Ein Trailer ist zu sehen unter https://www.youtube.com/watch?v=jaUpQ2EkbL4

Feiner Zug

„The Overland“ fährt von Adelaide  nach Melbourne nur einmal die Woche. Er bewältigt die  774 km in gut 12 Stunden. Es ist ein feiner Zug, den man im Internet buchen kann. Offenkundig ist er nicht so gefragt wie die andern Luxuszüge, denn es bleiben Plätze frei.

Wir müssen eine Stunde vor Abfahrt um 6.45 Uhr in der Parklands Station sein, denn man wird abgefertigt wie auf einem Flughafen. Unsere Koffer verschwinden im Packwaggon. Die Wagen sind von altmodischer Eleganz, aber die Sessel innen bieten viel Platz, da nur drei jeweils eine Reihe bilden. Man kann sie drehen, wenn man sich mit seinem Hintermann unterhalten will. Den ganzen Tag sorgen mehrere Zugbegleiter(innen) für das leibliche Wohl. WiFi gibt es allerdings nicht.

Ich lese in der Zeitung, dass chinesische Touristen Gegenden meiden, in denen kein Internet zu haben ist. Um diese Zielgruppe bemüht man sich gerade verstärkt. Die Chancen sind gut, da es ja genügend chinesische Australier gibt, die die Sprache beherrschen.
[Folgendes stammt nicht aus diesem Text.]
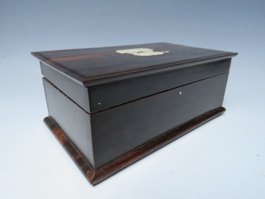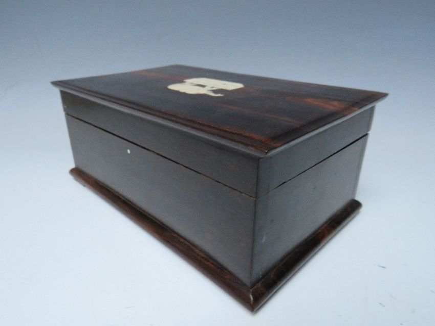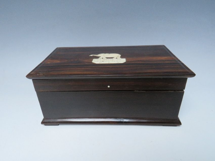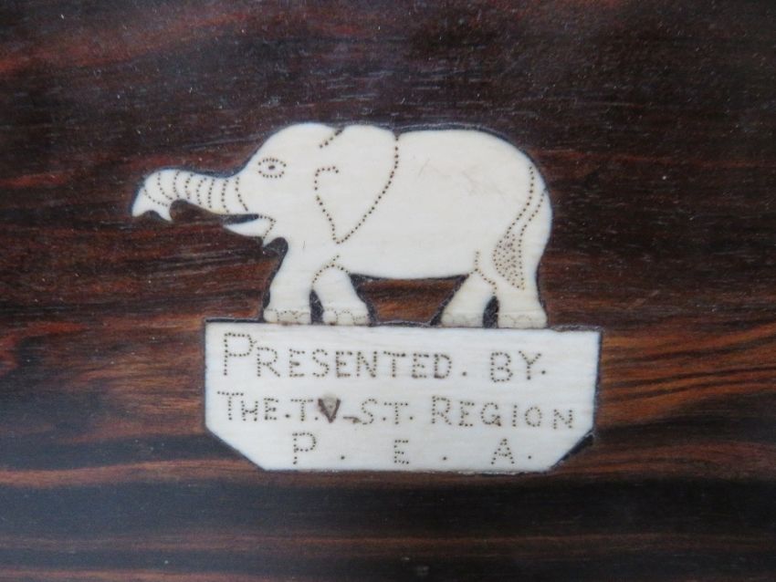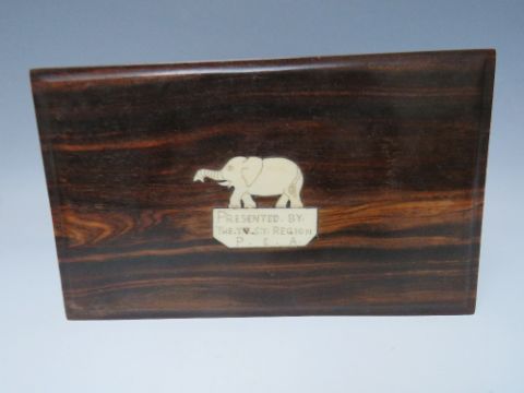 A COROMANDEL WOODEN LIDDED BOX, having bone inlay detail to lid depicting an elephant, dedication reads 'Presented By The TV - ST Region P E A, , W 22 cm, D 13 cm, H 9.5 cm
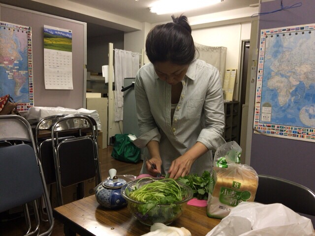 小代さん、三つ葉を黙々と切っています。Noe
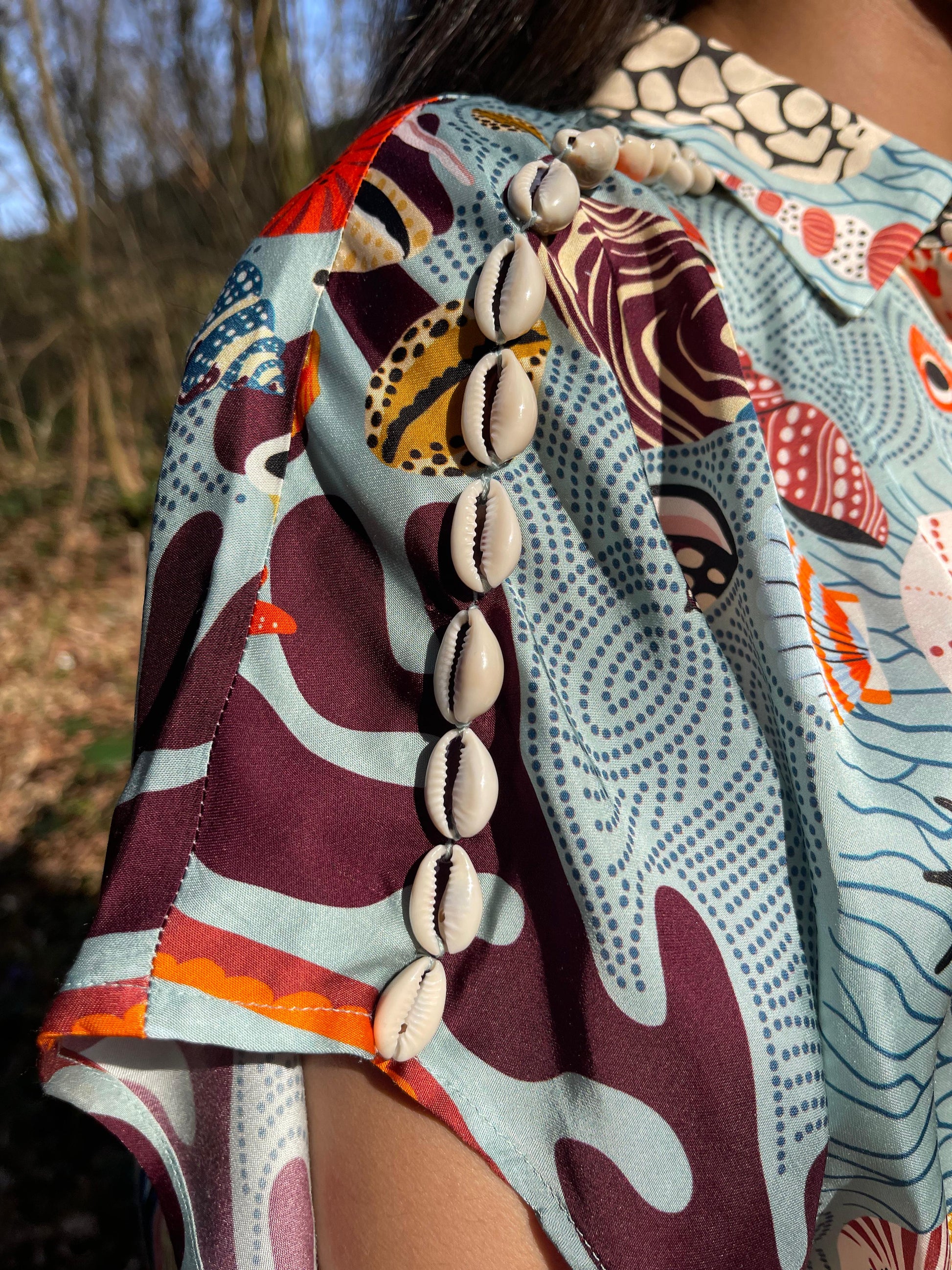 La chemise Maddy s'impose avec son imprimé marin spectaculaire qui capture instantanément l'attention. Son univers vibrant mêle coquillages, coraux et créatures marines dans une composition hypnotique et colorée. Coupe ample et fluide, manches courtes larges inspirées du kimono, petit col structuré — chaque détail a été pensé pour allier confort maximal et style sans effort. La ligne de cauris signature soulignant les épaules ajoute une touche estivale et artistique unique. Cet imprimé CORAL exclusif aux teintes riches — bleu, chocolat, ocre, orange, jaune, bleu foncé — transforme instantanément un look simple en tenue ultra mode. Une pièce forte et affirmée, parfaite pour l'été.

In unserm Wagen sind jedenfalls nur Weiße, darunter ein Schriftsteller aus England.

Wir verlassen die Stadt nach Süden, fahren durch einsame Wälder (Belair Nationalpark)  und Farmland mit Pferden und Kühen. Trotz der Trockenheit sind die Gärten, darunter Weinberge, grün.  Kleine Kängurus suchen das Weite oder betrachten den Zug aus der Ferne. Im Postkutschentempo geht es weiter, sodass wir ausführlich beim Frühstück (Vanilla yoghurt parfait, layered with mango and passionfruit compote and crunchy granola.) die Landschaft betrachten können.
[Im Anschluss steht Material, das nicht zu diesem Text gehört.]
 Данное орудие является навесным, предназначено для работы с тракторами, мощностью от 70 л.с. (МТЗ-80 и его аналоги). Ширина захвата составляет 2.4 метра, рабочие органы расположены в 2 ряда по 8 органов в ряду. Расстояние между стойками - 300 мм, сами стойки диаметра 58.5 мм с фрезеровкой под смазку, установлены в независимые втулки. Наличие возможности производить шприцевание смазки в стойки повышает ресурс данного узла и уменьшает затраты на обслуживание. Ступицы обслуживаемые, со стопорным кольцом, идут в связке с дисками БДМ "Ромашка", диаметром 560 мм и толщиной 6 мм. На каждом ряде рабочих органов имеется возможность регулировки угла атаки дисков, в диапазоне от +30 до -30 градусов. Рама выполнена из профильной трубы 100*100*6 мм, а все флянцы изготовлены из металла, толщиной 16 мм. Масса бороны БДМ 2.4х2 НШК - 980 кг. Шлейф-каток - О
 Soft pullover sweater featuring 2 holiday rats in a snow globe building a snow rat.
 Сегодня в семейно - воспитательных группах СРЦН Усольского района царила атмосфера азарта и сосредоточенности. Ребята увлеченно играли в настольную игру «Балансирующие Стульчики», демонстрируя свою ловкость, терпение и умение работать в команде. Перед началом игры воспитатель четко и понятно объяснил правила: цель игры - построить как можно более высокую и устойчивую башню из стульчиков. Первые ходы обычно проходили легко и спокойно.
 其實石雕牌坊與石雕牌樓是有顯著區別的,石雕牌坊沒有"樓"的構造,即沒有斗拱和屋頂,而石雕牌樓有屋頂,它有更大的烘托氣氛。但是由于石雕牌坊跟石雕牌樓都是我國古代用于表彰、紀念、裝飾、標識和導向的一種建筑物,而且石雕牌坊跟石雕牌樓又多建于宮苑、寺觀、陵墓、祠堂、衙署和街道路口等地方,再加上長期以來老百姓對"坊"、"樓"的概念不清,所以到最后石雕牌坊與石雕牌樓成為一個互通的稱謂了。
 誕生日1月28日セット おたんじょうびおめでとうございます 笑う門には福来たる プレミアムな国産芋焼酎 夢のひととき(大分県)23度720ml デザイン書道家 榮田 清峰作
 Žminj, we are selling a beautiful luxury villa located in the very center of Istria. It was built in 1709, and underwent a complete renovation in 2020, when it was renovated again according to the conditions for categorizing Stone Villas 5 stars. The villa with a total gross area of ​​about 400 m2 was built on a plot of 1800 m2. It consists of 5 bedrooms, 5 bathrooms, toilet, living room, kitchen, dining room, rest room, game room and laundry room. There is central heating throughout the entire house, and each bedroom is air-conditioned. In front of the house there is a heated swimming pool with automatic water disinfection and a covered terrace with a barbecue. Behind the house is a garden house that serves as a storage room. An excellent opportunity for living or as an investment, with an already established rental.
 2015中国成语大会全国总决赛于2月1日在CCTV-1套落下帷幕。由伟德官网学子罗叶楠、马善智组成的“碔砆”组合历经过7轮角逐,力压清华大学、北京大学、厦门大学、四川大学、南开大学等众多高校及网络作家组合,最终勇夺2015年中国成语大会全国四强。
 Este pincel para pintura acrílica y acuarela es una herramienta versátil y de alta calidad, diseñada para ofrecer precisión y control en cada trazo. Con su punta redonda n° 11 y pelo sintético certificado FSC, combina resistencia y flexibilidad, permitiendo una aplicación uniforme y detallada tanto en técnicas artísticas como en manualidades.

Der erste Halt nach zwei Stunden bzw. 80 km ist Murray Bridge (17000 Einwohner). Keine Ahnung, warum wir dort halten, denn niemand kann aus- oder einsteigen. Über den zweitlängsten Fluss  Australiens, den Murray, auf dem Hausboote liegen, führen eine Straßen- und eine Eisenbahnbrücke.

www.murraybridge.sa.gov.au.

Nach vier Stunden kommen wir nach „Bordertown“. Wir erreichen den Staat Victoria zum „lunch“ („Curry oft the Day“ bzw. Baked moussaka“. Dessert). Es ist eine andere Zeitzone, weshalb wir die Uhr eine halbe Stunde vor stellen müssen. Eine weitere Stadt im Nirgendwo heißt Nhill. Die endlosen Ebenen werden mitunter durch Schafherden bevölkert. Man fragt sich, was die Viecher auf diesen kahlen Flächen noch zu fressen finden. Wenigstens sind sie noch nicht verhungert wie in anderen Landesteilen. Dann schleichen wir uns rein in Dimboola, wo uns ein Güterzug begegnet. Die beiden Lokführer werden ausgewechselt. Wir sind mit dem Nachtisch beschäftigt. Nach Horsham wird es wieder etwas hügelig. In Stawell steigen die ersten aus. Ararat soll die einzige Stadt Australiens sein, die von Chinesen  gegründet wurde. Sie durften auf dem Weg zu den Goldfeldern nicht in Melbourne an Land gehen, sondern mussten über Adelaide den mühsamen Landweg nehmen. Eine Zugbegleiterin erläutert immer die  Stationen, spricht aber für mich zu schnell. Wieder steigen einige aus. Die endlosen beigen Ebenen mit einigen Eukalyptusbäumen ermüden uns allmählich, auch wenn es noch einmal Kaffee mit furchtbar süßem Kuchen gibt.

In Geelong erreichen wir das Meer und fahren gaaanz langsam am Hafenbecken vorbei. Wir haben Verspätung, die noch zunimmt, weil wir anderen Zügen in die Quere kommen. Dafür wird die Aussicht interessanter.  Noch eine Stunde bis Melbourne Southern Cross Station. Dort  wird sehr umständlich das Gepäck ausgegeben.

Eigentlich schade, dass diese Bahn nur noch touristisch genutzt wird und die Konkurrenz mit dem Flugzeug aufgegeben hat.

http://www.greatsouthernrail.com.au.

Im Bahnhof werden wir von unseren Freunden begrüßt, die uns mit in den Zug nach Castlemaine nehmen. Der wird allerdings zunächst geputzt. (Wie oft werden eigentlich Vorortzüge in Deutschland gesäubert?) Wir wollen ihr Leben in der Provinz kennenlernen und lassen Melbourne erst einmal hinter uns. Nach einer weiteren guten Stunde sind wir am Ziel.